Oil prices have plunged 54 percent since late June, with U.S. crude trading at $49.05 a barrel Friday morning.
Saudi Arabia has resisted requests by other OPEC members to buoy prices by cutting production and has reduced its own prices to some customers. That's a way to drive U.S. producers out of the market, Hamm and others contend.
"Sometimes they're successful. This time we hope they're not," he said.
But Continental Resources will cope. "In this type of environment, all you can do is conserve cash and cut back and wait until prices come back," Hamm said. "It will adjust. Production levels adjust and so do prices. It's just a matter of time."
As for consumers, they had plenty to cheer about a month ago, when regular gasoline prices averaged $2.04 a gallon nationally, hitting five-year lows.
Now they have a little less to cheer about, with the price at $2.37, up 16 percent over the past month. To be sure, that level still represents a 31 percent drop from $3.44 a year ago.

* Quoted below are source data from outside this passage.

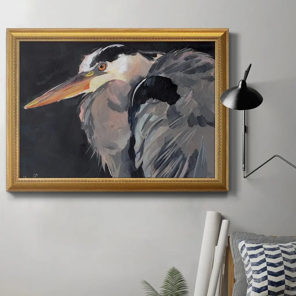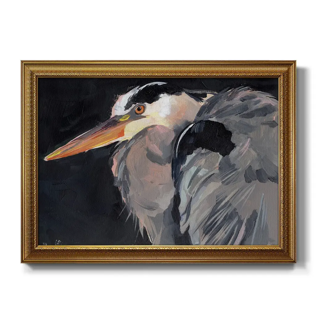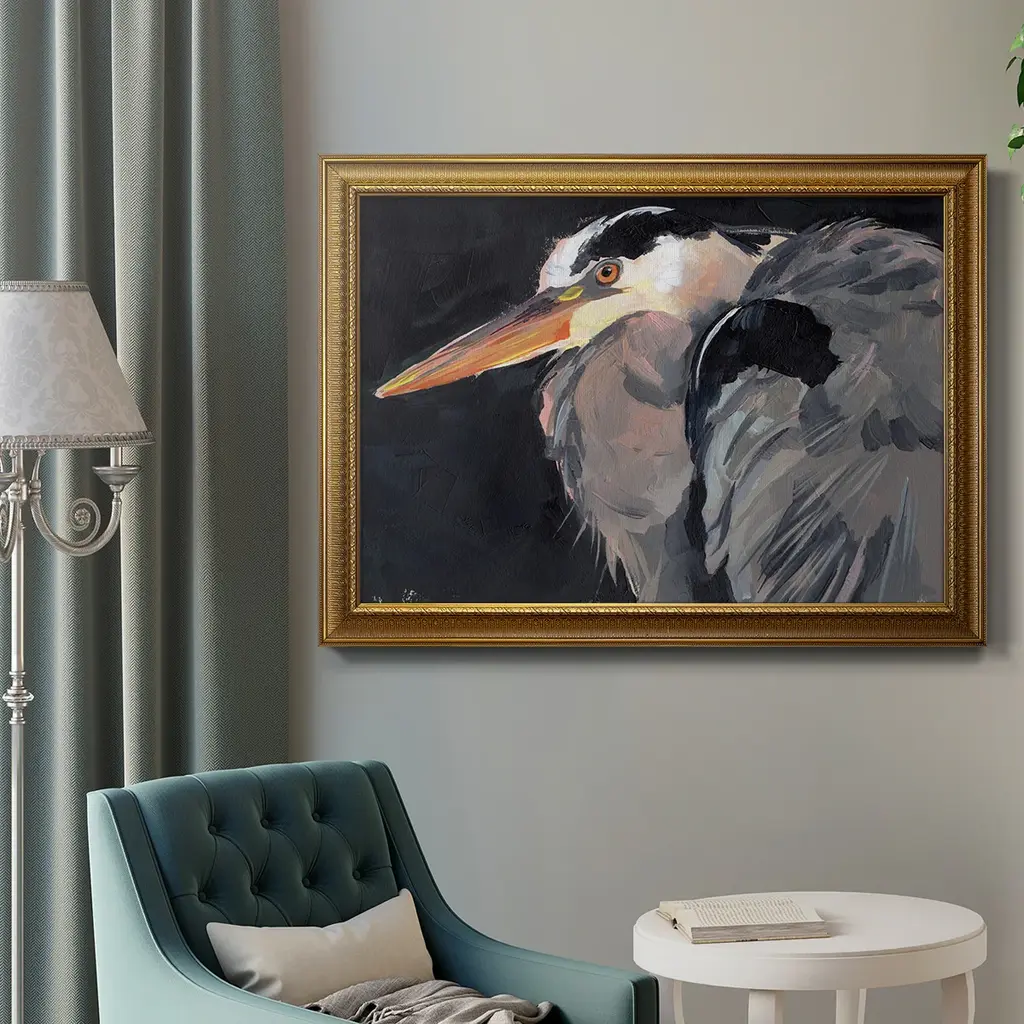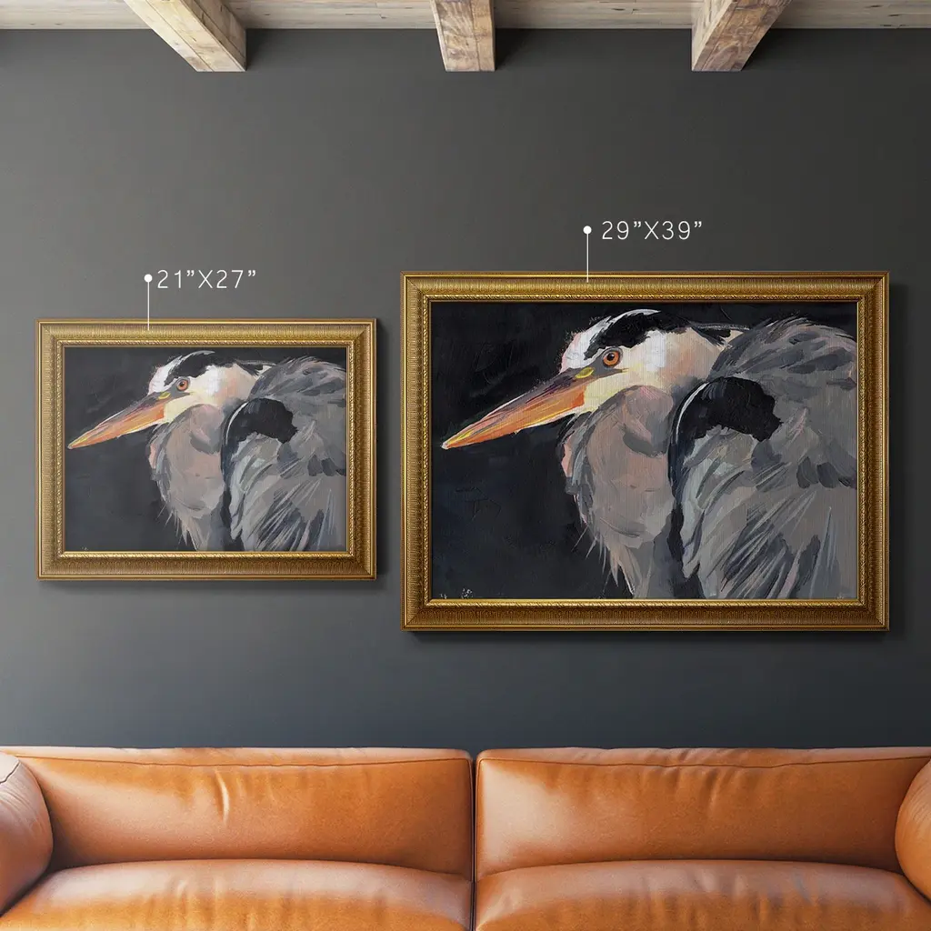 Great Heron II Premium Framed Canvas- Ready to Hang A Premium Framed Canvas created to last. Framed in distressed wood and available in an array of sizes and colors Featuring a beveled a solid wood stretcher bar, each piece comes ready to hand 3 SIZES AVAILABLE 16''X20'' - Overall Size 18'X27'' - Overall Size 24''x36'' - Overall Size Each piece is made to order. Each piece comes with hanging hardware. Made in the USA Ready to Hang Giclee Paper Print Acrylic Glass Beveled Matt Board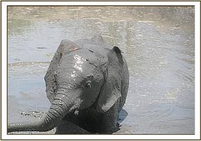 Led by Kalama, the orphans headed out to browse, swinging their trunks happily from side to side, but by l0.30 a.m., the scorching sun drove them all under shade. Today it was Naisula who led the way to the mudbath, after which the orphans relaxed under shade waiting for the heat to subside.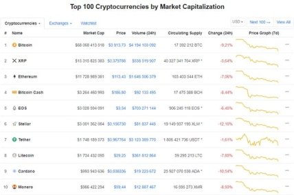 Большинство альткоинов также начали свое падение вместе с биткоином.

The price has rebounded as refineries have shut down for maintenance. "There’s a huge mountain of crude oil sitting out there ... but it’s not getting to the refineries," says Aaron Task of Yahoo Finance.
That would suggest gas prices may fall back down after the maintenance is completed, although the approach of the summer driving season could serve to boost prices.
Meanwhile, the sluggish demand that has helped push oil prices to 5 ½-year lows shows that all's not well with the global economy, says Stephen Schork, editor of The Schork Report newsletter.
"When you have such a sharp fall in commodity prices, that's because of economic demand. And I think that's a very worrisome telltale," he told CNBC.